Оливер, следовательно, не имел никаких причин не доверять ей. Он спросил её:
— Он, значит уехал?
— Да, — отвечала Петра. — Я бы хотела, чтобы он не возвращался никогда!
— Ты думаешь, он уехал навсегда?
— Не знаю, но я была бы рада, если б это было так!
Оливер видел, что Петра говорит серьёзно. Она сделала жест, выражающий отвращение и даже сплюнула в сторону. Ясно было, что она ненавидит адвоката.
— Да, хорошим человеком его нельзя назвать, — сказал Оливер. — Но эти адвокаты! Разве они бывают когда-нибудь другие?
— И я говорю тебе, что в следующий раз ты можешь сам идти к нему, — заявила Петра. — Я не сделаю больше ни шага.
Можно ли было говорить определённее? Оливеру это понравилось и он тотчас же объявил с важностью, что он сам пойдёт к адвокату и выскажет ему правду в глаза. Он швырнёт этому кровопийце деньги на стол и потребует от него расписку. Да, это так же верно, как то, что его зовут Оливер Андерсен! Калека и трус, он уже рисовал себе яркими красками картину своего появления перед адвокатом.
В последнее время Оливер действительно стал более смелым. Сознание, что у него есть деньги в кармане придавало ему уверенность. В первое время после ограбления почтовой конторы, он всё же чувствовал себя не совсем спокойно и просил Петру сделать ему внутренний карман в жилете. Она посмеялась над ним, сочла это за его обычное бахвальство и он должен был обратиться к бабушке. Теперь же, когда деньги его были запрятаны, он совершенно успокоился. Никому ведь не придёт в голову обыскивать калеку, который притом ничего не сделал дурного. Деньги за пух были на самом деле его собственностью. Досадно было лишь то, что он не мог похвастать ими, покупать то, что ему вздумается. К счастью для него там были и мелкие банковские билеты и он мог, от времени до времени, вынимать их и тратить, не возбуждая подозрений. Он купил девочкам ботинки с бантами и себе новый галстук и крахмальный воротник. Оливер довольствовался малым и хотя любил лакомиться, но всё-таки не был обжорой. Петра представляла противоположность ему; она была жадна к деньгам. И как раз теперь Оливеру нужно было всё его добродушие, чтобы ладить с Петрой. Она стала такая капризная, упрямая, всё было не по ней, всякая еда была ей не по вкусу.

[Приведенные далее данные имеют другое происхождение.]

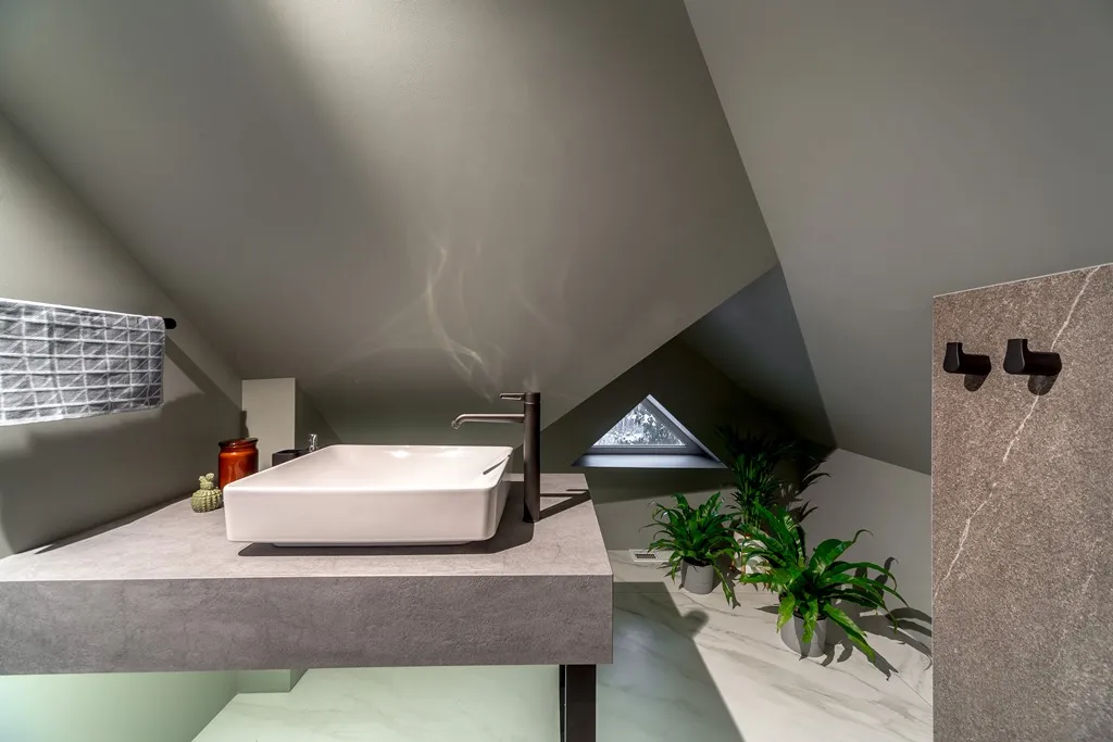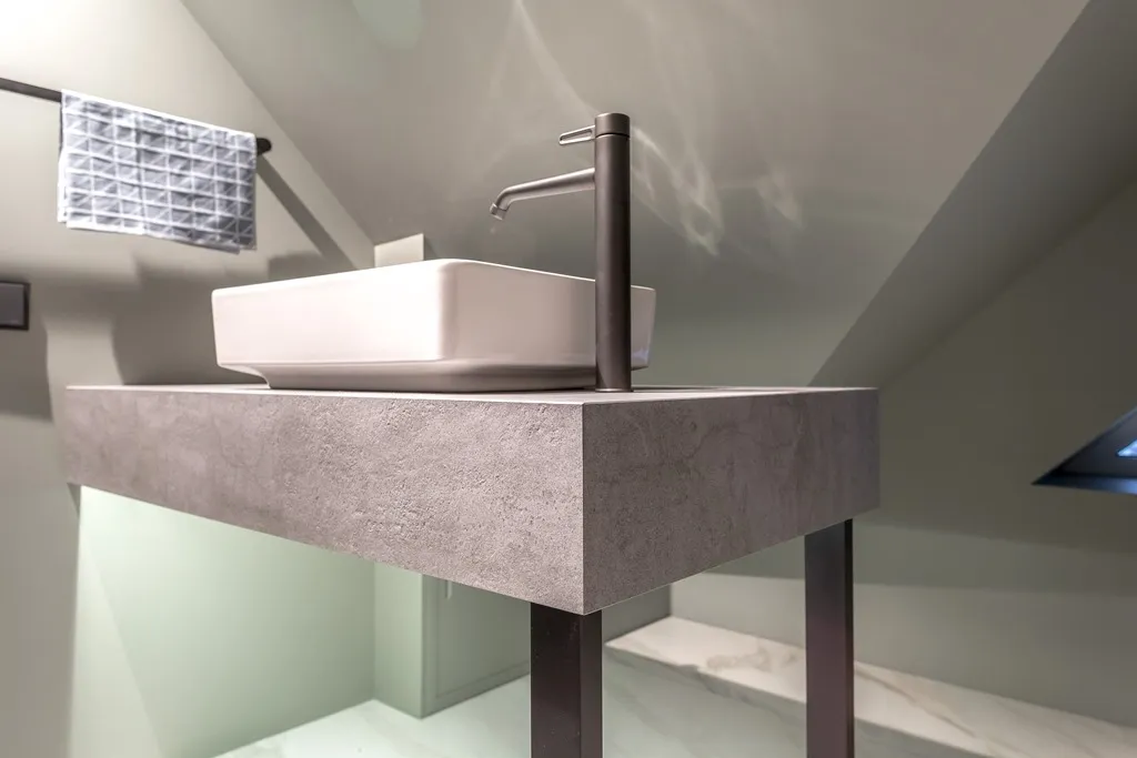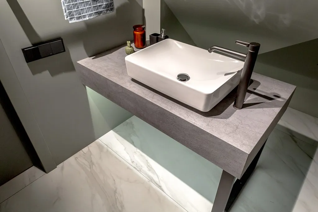 В ванной комнате утроена столешница под мойку из широкоформатной керамики Ceralan толщиной 170 мм, с подсветкой по фронту. Выключатель размещен на стене. Декор столешницы тот же, что и в кухне – «Григио диабло». Опора столешницы – МАДРИД.
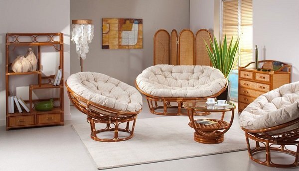 А лёгкость и мобильность, которой обладают плетеная мебель в интерьере и кресло Папасан, способствуют удобству перемещения мебели, которая пригодна для эксплуатации внутри помещения и на свежем воздухе.
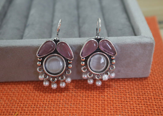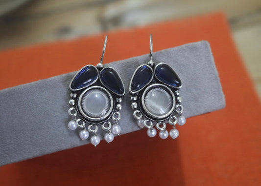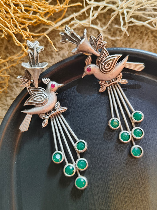 Floral Delights: Oxidized Silver Earrings with Yellow Drops
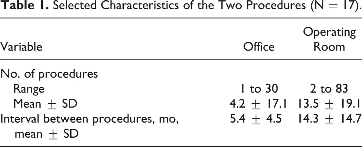 Another complicating factor of our study is that some patient responses did not match the corresponding objective data. For example, patients self-reported that the frequency with which they underwent each type of procedure was similar. However, their medical records indicated that patients underwent an office procedure three times more often than an operating room procedure.
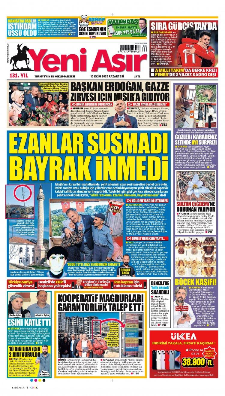 13 Ekim Pazartesi 2025 Gazete Manşetleri
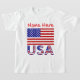Personalisierter T - Shirt eines Mädchens mit der Fahne der USA, oder, amerikanische Flagge mit den Buchstaben USA unten in rot, weiß und blau mit US Flagge, in der Fahne gefunden. Personalisieren Sie, indem Sie den Namen Ihres Mädchens für ein kreatives Geschenk hinzufügen. Design zeigt auf Vorder- und Rückseite des Shirts. Sie wird Liebe tragen, um Wiedersehen und Unabhängigkeitstag Feiern.
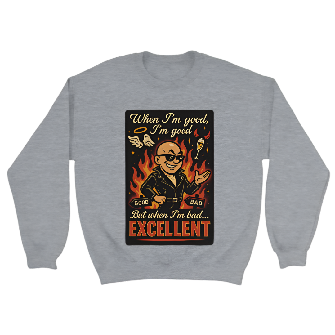 Confidence? Off the charts. This “When I’m good I’m good, but when I’m bad I’m excellent” sweatshirt is for the bold, the cheeky, and the downright unforgettable. It's got just the right mix of sass, swagger, and self-love—because playing nice is overrated.
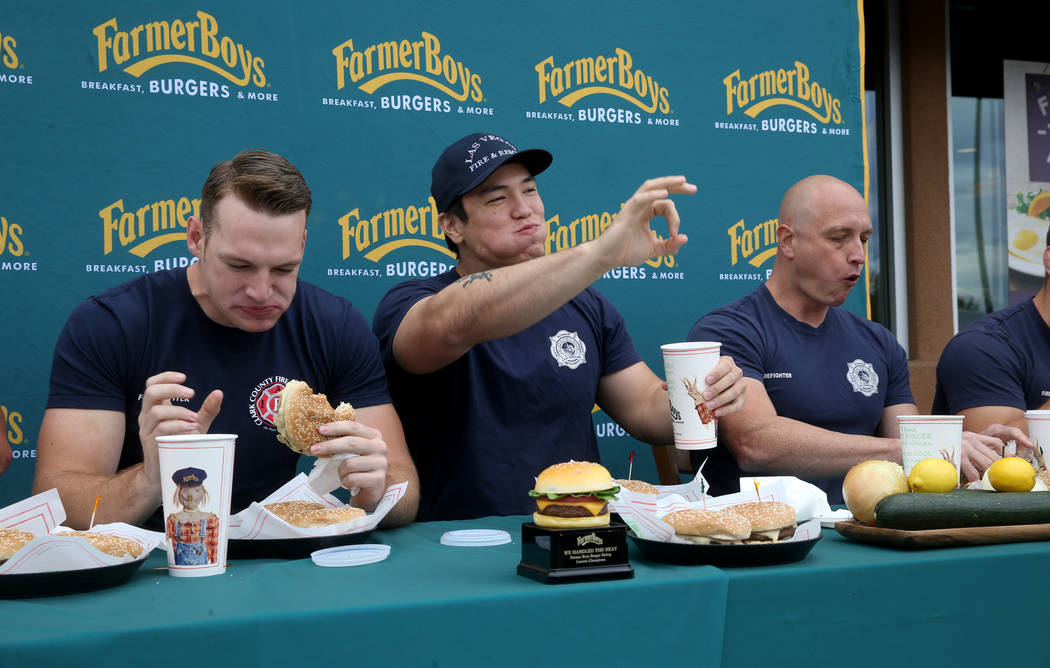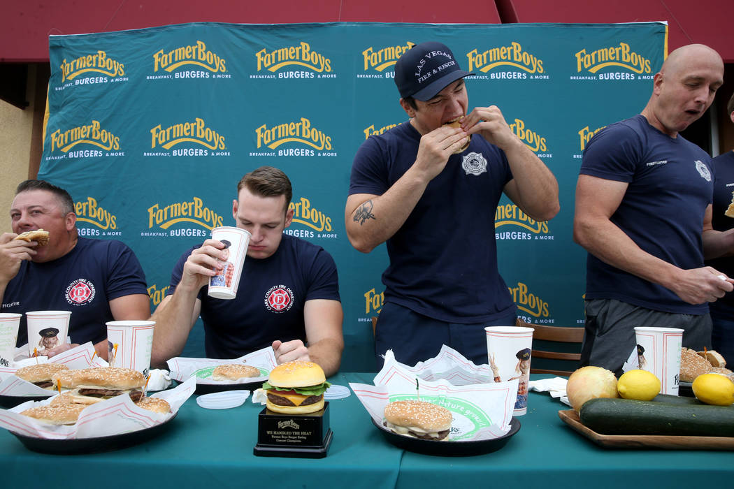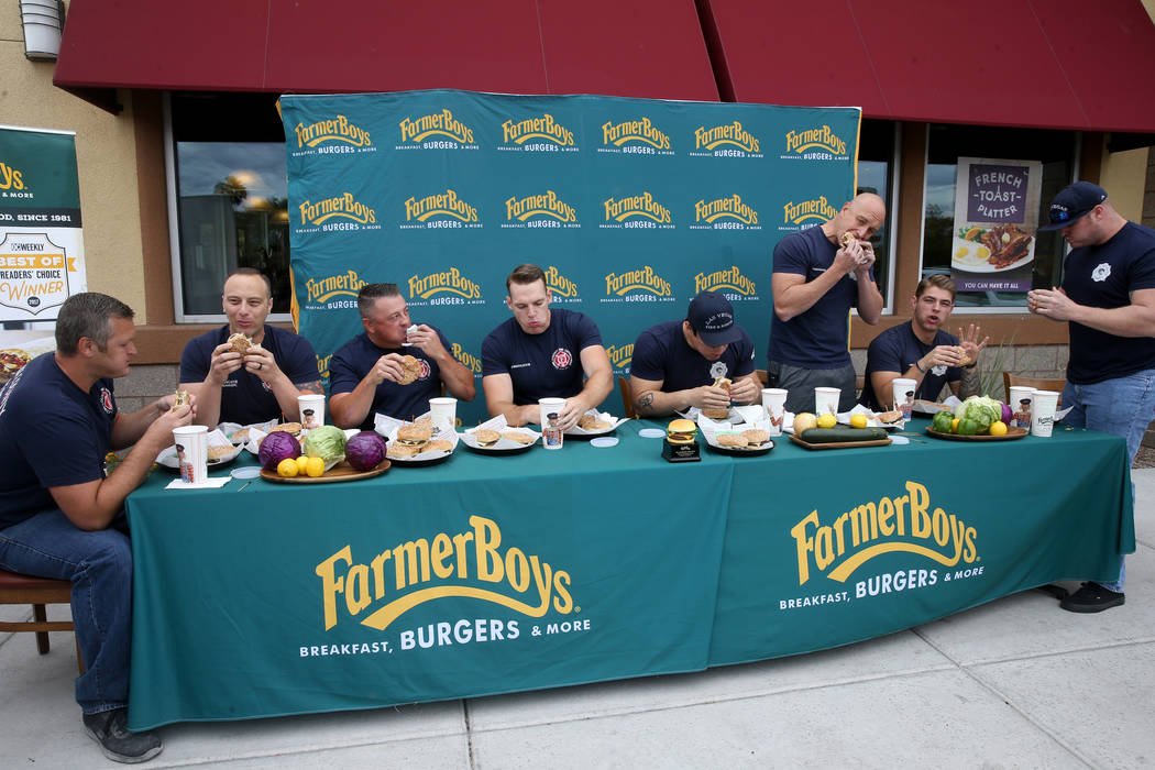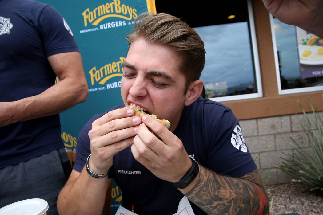 Farmer Boys, the restaurant that sponsored the competition, donated $100 to the Firefighters of Southern Nevada Burn Foundation for every burger eaten. Eight firefighters ate 47 Barn Burners, a burger with pepperjack cheese, jalapenos and a fiery sauce.

Она не могла выносить то того, то другого, и последний кофе ей показался совершенно испорченным.
— Что за кофе ты приносишь домой? — сказала она Оливеру.
Она видела у Давидсена кусок швейцарского сыра. Вот если бы она служила горничной у консула Ионсена, как в прежнее время, то получала бы такой сыр! А у парикмахера Гольте она видела кусок золотистого мыла, который прельстил её. Оливер мог сказать ей, что она не должна быть такой жадной и довольствоваться тем, что имеет. Но Петра показала тут свой неистовый характер, бранила и насмехалась над ним и говорила, что она живёт с калекой, говорит с калекой, лежит в кровати возле калеки и умереть должна с калекой. И это жизнь! При этом она сплюнула в сторону так, как будто её тошнило.
Что же сделал Оливер? Вместо того, чтобы пустить в ход свой костыль и пригрозить ей, он совершил совершенно к
неожиданный поступок. Он пошёл в город и вернулся с куском сыра и мылом. Петра была совершенно ошеломлена в первую минуту, но затем начала плакать. Она не хочет иметь эти вещи. Как можно быть таким дураком и делать ради этого долги?
Оливер пробовал её уговаривать, но ей невозможно было угодить. По его настоянию, она взяла кусочек сыра в рот, но тотчас же должна была выплюнуть его.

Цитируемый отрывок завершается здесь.